Educational documents were created that illustrate the adverse effects of deploying the canvas for a function other than that for which it was intended.
This project has addressed many critical components that contribute to potential overexposure to CO on marine vessels. The research knowledge generated by this project, with input from the marine industry, other government agencies, policymakers, and research leaders changed the concept of marine industry and introduced safer technologies, rules and regulations, and educational documents that will ultimately reduce the risk of CO overexposure to occupants in and around marine vessels.
More than 800 boating-related carbon monoxide (CO) poisonings have been identified on U.S. waters. Approximately 50% of the poisonings occurred on houseboats and the remainder on other types of boats. One-hundred twelve of the poisonings occurred outdoors; 32 of these people died. CO exposures exceeding the NIOSH IDLH level of 1,200 ppm is not uncommon on many types of recreational boats because most of them use uncontrolled gasoline-powered engines.

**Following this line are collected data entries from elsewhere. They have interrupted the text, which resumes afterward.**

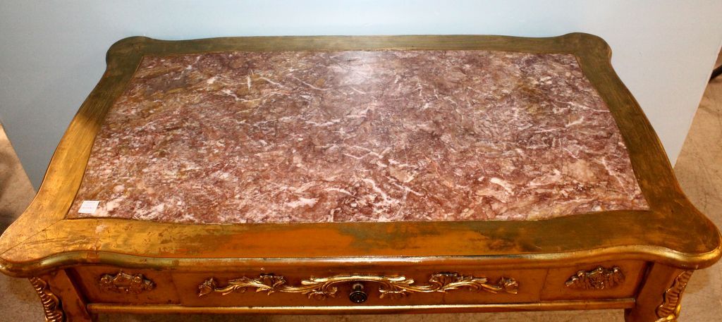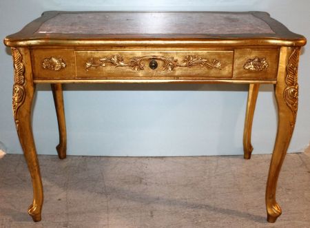 Gold finished marble insert writing desk.; 42" w., 30" h., 25" d. Gold finished marble insert writing desk.; 42" w., 30" h., 25" d.
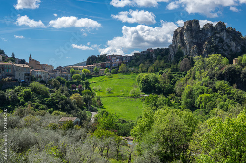 regional, park, provence, france, alps, alpes, french, tour tourism, mountain, nature, natural, landscape, scene, scenery, massif, traveling, travel, view, european, europa, slope, cliff, tree, panorama, panoramic, green, blue, sky, cloud, sunny, daytime, village, town, house, building, architecture, old
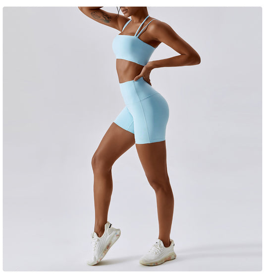 Double Straps Yoga Bra & Shorts Set

The aims of this project are also to reduce hazardous occupational exposures through the advancement of control technology and address the following goals. 10PPENGSG1 Reduce occupational illness through research on and the advancement of new or retrofit engineering control technology; 10PPENGAOG1.1.3 Control of carbon monoxide (CO) on houseboats and marine vessels; 09PPENGSG3 Reduce occupational illness and injuries by providing expert advice and consultation to our partners on engineering controls; 10PPENGAOG3.2.2 Promote the use of engineering controls to control carbon monoxide emissions to regulatory agencies and consensus standard bodies. 09PPENGSG4 Develop and build recognition and awareness of OSH hazards and the means for control through technology transfer, education, and training. 10PPENGAOG4.4.1 Promote the use of technologies to control carbon monoxide on marine vessels; 10PPENGIG5.2 Incorporate engineering control solutions into standards and regulations; 10PPENGAOG5.2.2 Disseminate engineering control research findings in the marine industry to appropriate agencies and trade associations.
The National Institute for Occupational Safety and Health (NIOSH), the Department of the Interior (DOI), the National Park Service (NPS), the U.S. Coast Guard (USCG), and many partners investigated carbon monoxide (CO) deaths, evaluated other CO-related boating incidents, and developed engineering controls to prevent future poisonings. The investigative team discovered over 800 boat-related CO poisonings on U.S. waters since 1990 that were caused by gasoline-powered propulsion engines and onboard generators that provide electrical power. The team worked closely with many boat and marine engine manufacturers and trade associations to define the extent of the hazard, determine employee exposures, develop engineering controls to mitigate the CO hazard, and educate the public.
The Double Angel Foundation is a non-governmental organization that keeps track of CO related poisonings and produces a National Case Listing that includes lethal and non-lethal poisonings.
For the last several years, NIOSH researchers have worked with trade associations, regulatory agencies, boat manufacturers, and other companies to evaluate the effectiveness of CO control devices. We have identified several controls that could dramatically reduce the number of CO poisonings on recreational boats: 1) a stack that reroutes generator emissions; and 2) electronic fuel injection and catalysts on engines that eliminate CO before it exits the exhaust.
The USCG funded much of this work through an interagency agreement. Due to the magnitude of the problem, Congressional hearings have been held on this topic. Research results are regularly shared with the Coast Guard, Environmental Protection Agency, the American Boat and Yacht Council (ABYC), and the National Marine Manufacturers Association.
Future cooperative work will involve the continued evaluation and identification of factors leading to CO poisonings on Express Cruisers, evaluating the performance of a new Kohler low emission generator, evaluating the performance of Indmar Marine Engine catalysts for inboard engines, and the evaluation of control systems for towed sports activities.